◆ TASK OBJECTIVE: Look through the listing and report every line that has "Yellow" in it.

◆ SOURCE MATERIAL:
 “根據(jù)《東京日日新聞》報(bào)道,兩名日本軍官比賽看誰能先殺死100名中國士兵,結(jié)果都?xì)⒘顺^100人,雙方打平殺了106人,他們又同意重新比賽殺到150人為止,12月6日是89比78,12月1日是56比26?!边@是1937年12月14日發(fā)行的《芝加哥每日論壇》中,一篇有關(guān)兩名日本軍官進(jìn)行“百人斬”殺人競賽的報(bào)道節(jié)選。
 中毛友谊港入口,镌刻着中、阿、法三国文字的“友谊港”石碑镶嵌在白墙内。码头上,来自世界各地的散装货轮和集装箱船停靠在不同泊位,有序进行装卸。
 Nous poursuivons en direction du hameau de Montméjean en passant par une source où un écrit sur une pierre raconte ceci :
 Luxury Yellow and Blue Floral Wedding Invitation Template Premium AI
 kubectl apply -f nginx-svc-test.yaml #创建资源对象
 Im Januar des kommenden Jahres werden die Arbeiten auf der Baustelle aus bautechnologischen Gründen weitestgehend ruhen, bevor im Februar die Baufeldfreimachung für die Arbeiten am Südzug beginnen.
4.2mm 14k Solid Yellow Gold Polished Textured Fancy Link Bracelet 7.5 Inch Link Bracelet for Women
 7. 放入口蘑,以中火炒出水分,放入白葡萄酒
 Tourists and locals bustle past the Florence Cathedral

--

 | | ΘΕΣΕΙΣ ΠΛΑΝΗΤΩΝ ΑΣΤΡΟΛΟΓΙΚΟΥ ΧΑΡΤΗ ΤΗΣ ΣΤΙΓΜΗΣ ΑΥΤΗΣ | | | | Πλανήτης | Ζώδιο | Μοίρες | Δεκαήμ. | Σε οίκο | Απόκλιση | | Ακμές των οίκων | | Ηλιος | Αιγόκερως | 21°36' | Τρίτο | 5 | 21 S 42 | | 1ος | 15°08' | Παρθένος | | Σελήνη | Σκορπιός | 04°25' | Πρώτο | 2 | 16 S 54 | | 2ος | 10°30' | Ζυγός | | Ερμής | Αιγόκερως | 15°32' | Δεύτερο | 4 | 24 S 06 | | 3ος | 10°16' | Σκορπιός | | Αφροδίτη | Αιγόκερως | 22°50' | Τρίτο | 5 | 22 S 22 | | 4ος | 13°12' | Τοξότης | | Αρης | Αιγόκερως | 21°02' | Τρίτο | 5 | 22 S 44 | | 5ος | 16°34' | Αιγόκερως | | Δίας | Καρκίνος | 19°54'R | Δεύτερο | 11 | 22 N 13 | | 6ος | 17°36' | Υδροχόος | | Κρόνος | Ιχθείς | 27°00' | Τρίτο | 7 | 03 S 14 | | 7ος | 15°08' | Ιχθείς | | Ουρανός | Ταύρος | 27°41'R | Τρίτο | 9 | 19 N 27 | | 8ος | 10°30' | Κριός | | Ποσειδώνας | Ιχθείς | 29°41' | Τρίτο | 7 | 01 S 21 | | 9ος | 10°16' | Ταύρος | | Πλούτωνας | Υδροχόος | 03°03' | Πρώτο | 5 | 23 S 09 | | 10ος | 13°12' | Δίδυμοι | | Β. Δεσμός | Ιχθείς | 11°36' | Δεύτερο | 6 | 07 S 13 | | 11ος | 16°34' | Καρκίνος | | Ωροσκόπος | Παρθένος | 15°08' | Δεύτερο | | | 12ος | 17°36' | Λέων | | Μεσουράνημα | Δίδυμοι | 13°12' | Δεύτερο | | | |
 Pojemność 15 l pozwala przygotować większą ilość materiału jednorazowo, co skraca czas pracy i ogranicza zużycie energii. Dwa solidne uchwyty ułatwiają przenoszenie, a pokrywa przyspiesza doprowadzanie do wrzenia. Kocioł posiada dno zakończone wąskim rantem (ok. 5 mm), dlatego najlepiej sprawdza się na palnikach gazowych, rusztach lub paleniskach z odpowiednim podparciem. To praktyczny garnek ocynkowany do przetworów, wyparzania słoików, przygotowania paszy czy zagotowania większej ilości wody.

◆ RESPONSE:
 Luxury Yellow and Blue Floral Wedding Invitation Template Premium AI
4.2mm 14k Solid Yellow Gold Polished Textured Fancy Link Bracelet 7.5 Inch Link Bracelet for Women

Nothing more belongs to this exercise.